=== Recorded data ===

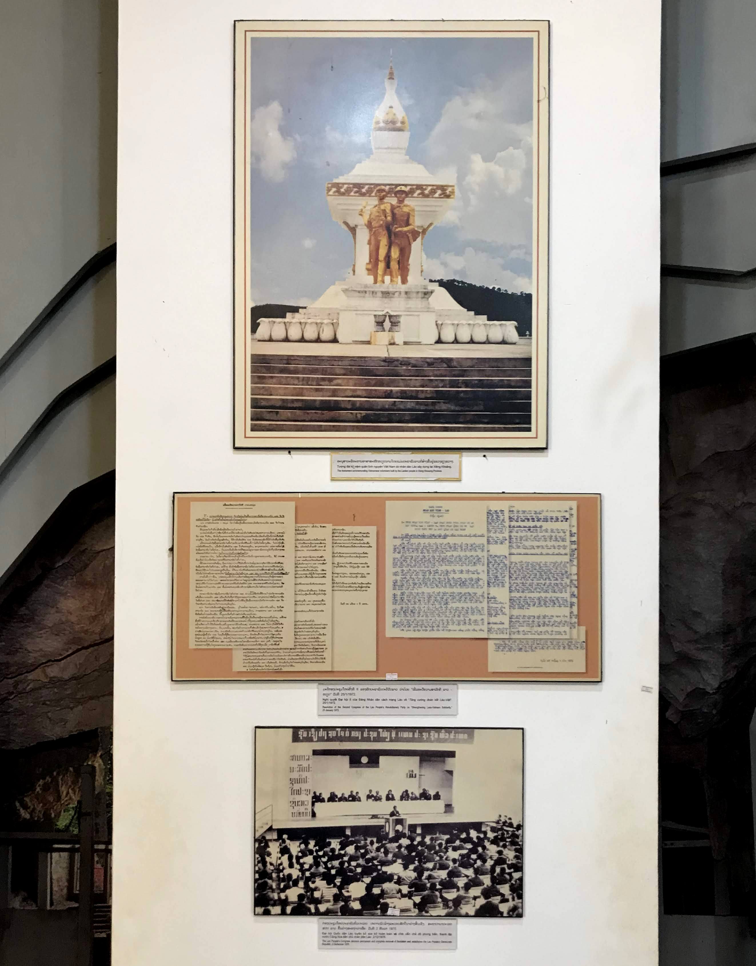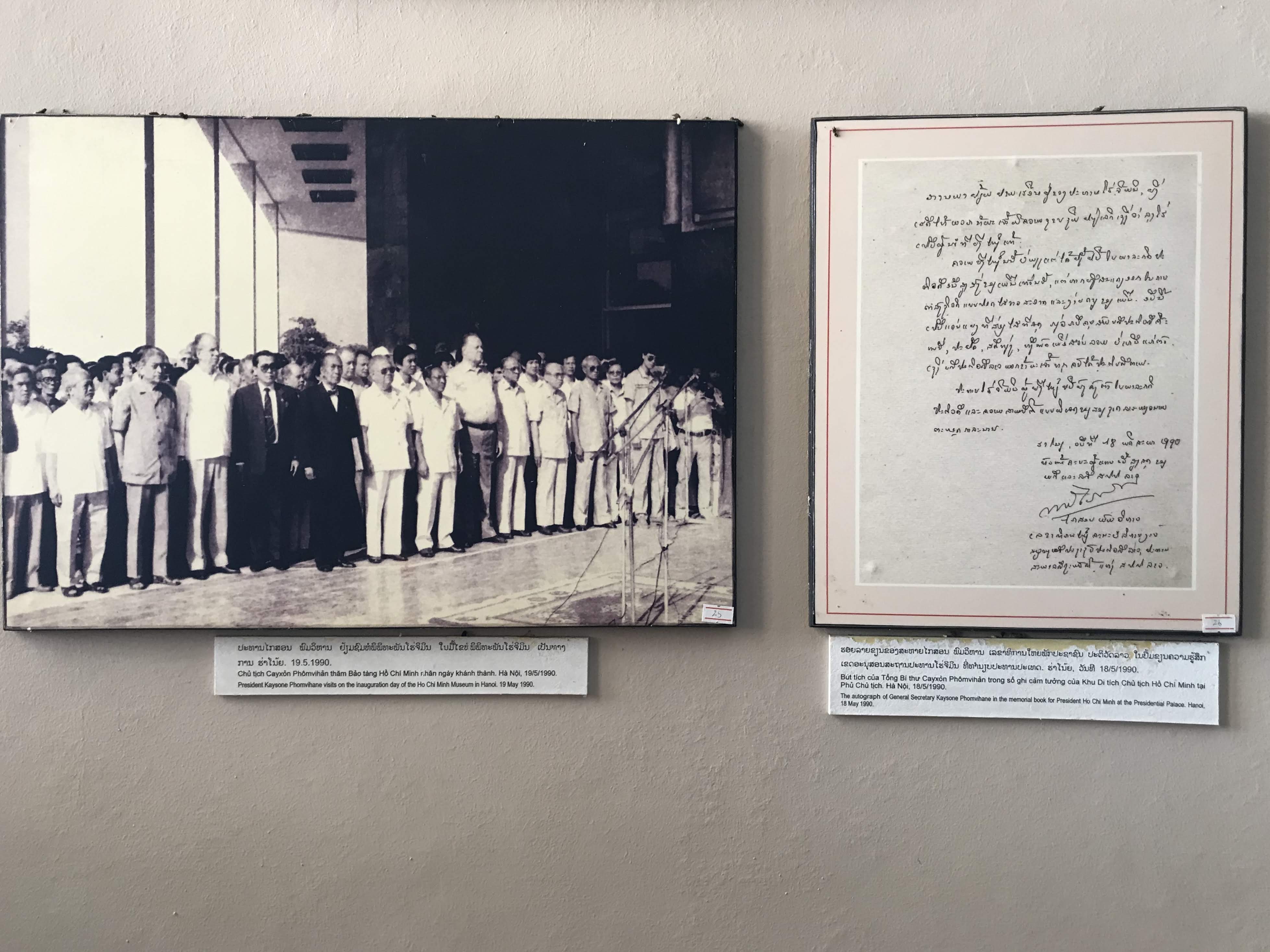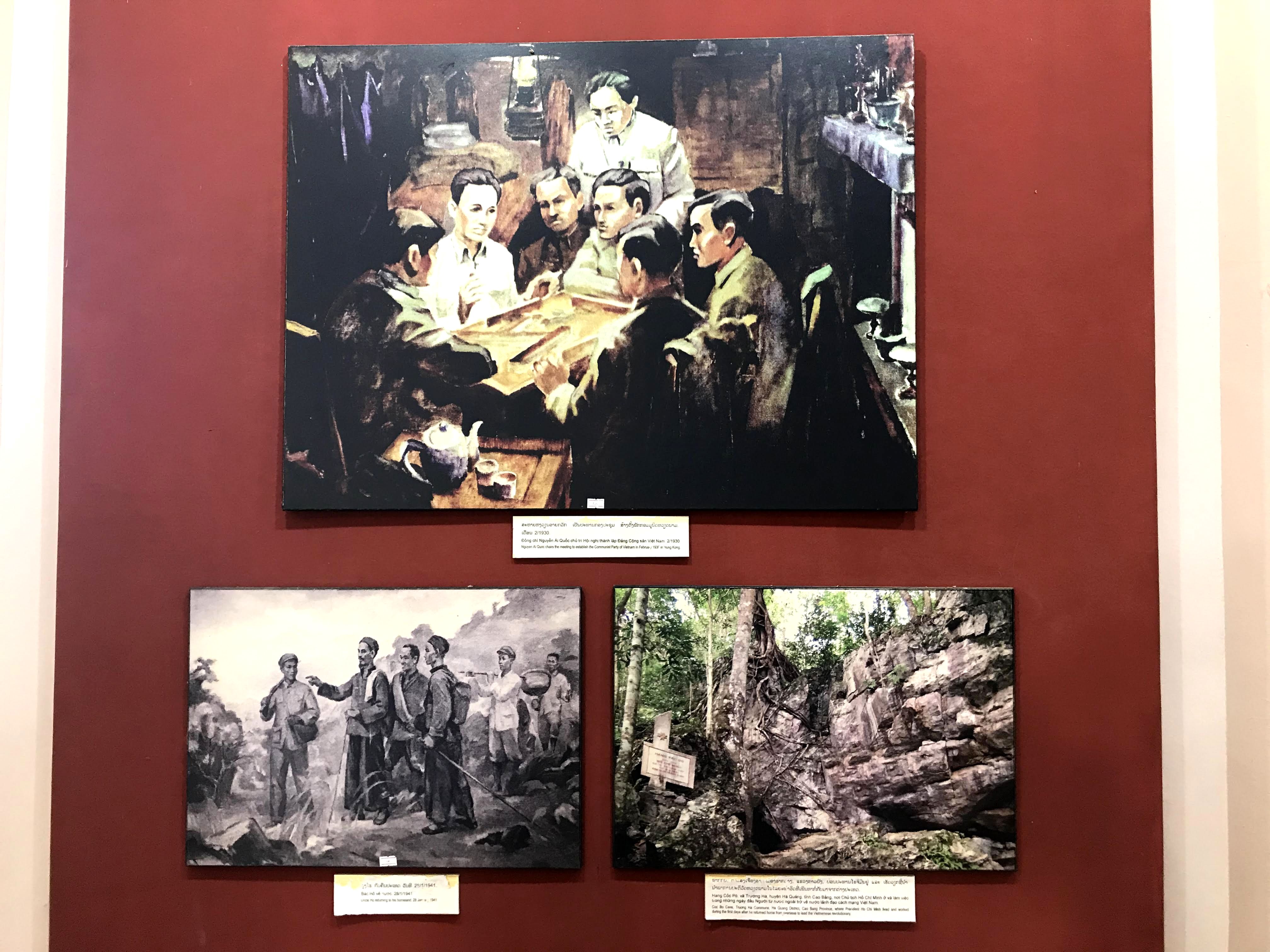 Di lantai kedua, ada banyak foto tentang bendera nasional Vietnam-Laos, foto tentang pertemuan antara Presiden Ho Chi Minh dengan Ketua Kaysone Phomvihane dan genderang perunggu.
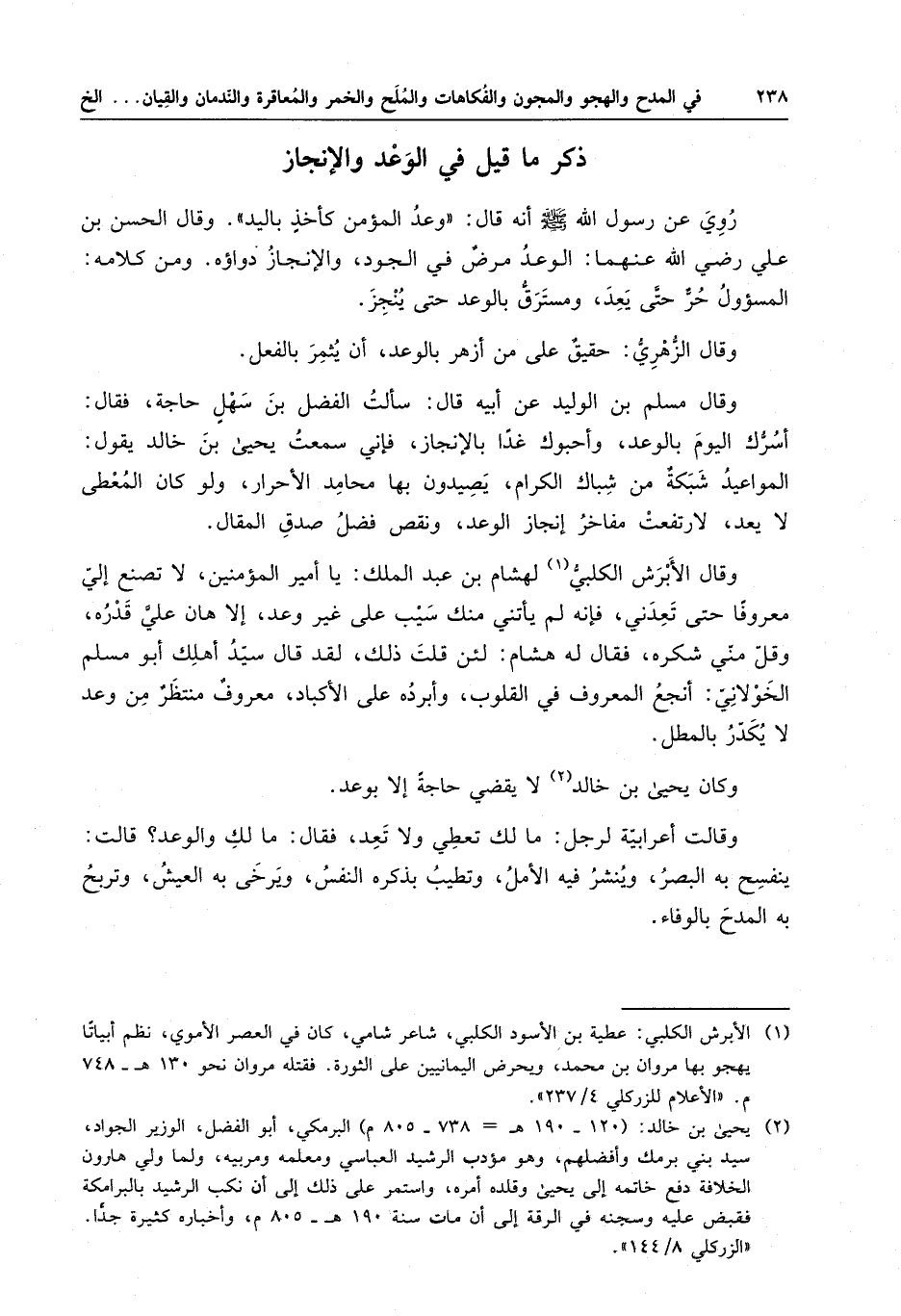 وقال الزهري : حقيق على من أزهر بالوعد ، أن يثمر بالفعل . وقال مسلم بن الوليد عن أبيه قال : سألت الفضل بن سهلٍ حاجة ، فقال : أشرفك اليوم بالوعد ، وأحبوك غدا بالإنجاز ، فإني سمعت يحيى بن خالد يقول : المواعيد شبكة من شباك الكرام ، يصيدون بها محامد الأحرار ، ولو كان المعطي لا يعد ، لارتفعت مفاخر إنجاز الوعد ، ونقص فضل صدق المقال .
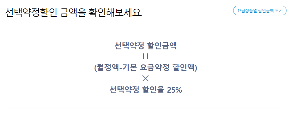 선택 약정 가입 시 할인받게 되는 정확한 금액은 "(월정액 - 기본 요금약정 할인액) X 25%"입니다.
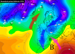Nelle quattro cartine abbiamo evidenziato alcuni dei passaggi salienti accorsi nell’inverno del 1954 che rendono chiara l’idea del pattern barico ideale alla realizzazione di una consistente ondata di gelo in Europa.

===

Task directions - Retype the whole listing exactly. Do not include the pictures.

Task solution -
 Di lantai kedua, ada banyak foto tentang bendera nasional Vietnam-Laos, foto tentang pertemuan antara Presiden Ho Chi Minh dengan Ketua Kaysone Phomvihane dan genderang perunggu.
 وقال الزهري : حقيق على من أزهر بالوعد ، أن يثمر بالفعل . وقال مسلم بن الوليد عن أبيه قال : سألت الفضل بن سهلٍ حاجة ، فقال : أشرفك اليوم بالوعد ، وأحبوك غدا بالإنجاز ، فإني سمعت يحيى بن خالد يقول : المواعيد شبكة من شباك الكرام ، يصيدون بها محامد الأحرار ، ولو كان المعطي لا يعد ، لارتفعت مفاخر إنجاز الوعد ، ونقص فضل صدق المقال .
 선택 약정 가입 시 할인받게 되는 정확한 금액은 "(월정액 - 기본 요금약정 할인액) X 25%"입니다.
Nelle quattro cartine abbiamo evidenziato alcuni dei passaggi salienti accorsi nell’inverno del 1954 che rendono chiara l’idea del pattern barico ideale alla realizzazione di una consistente ondata di gelo in Europa.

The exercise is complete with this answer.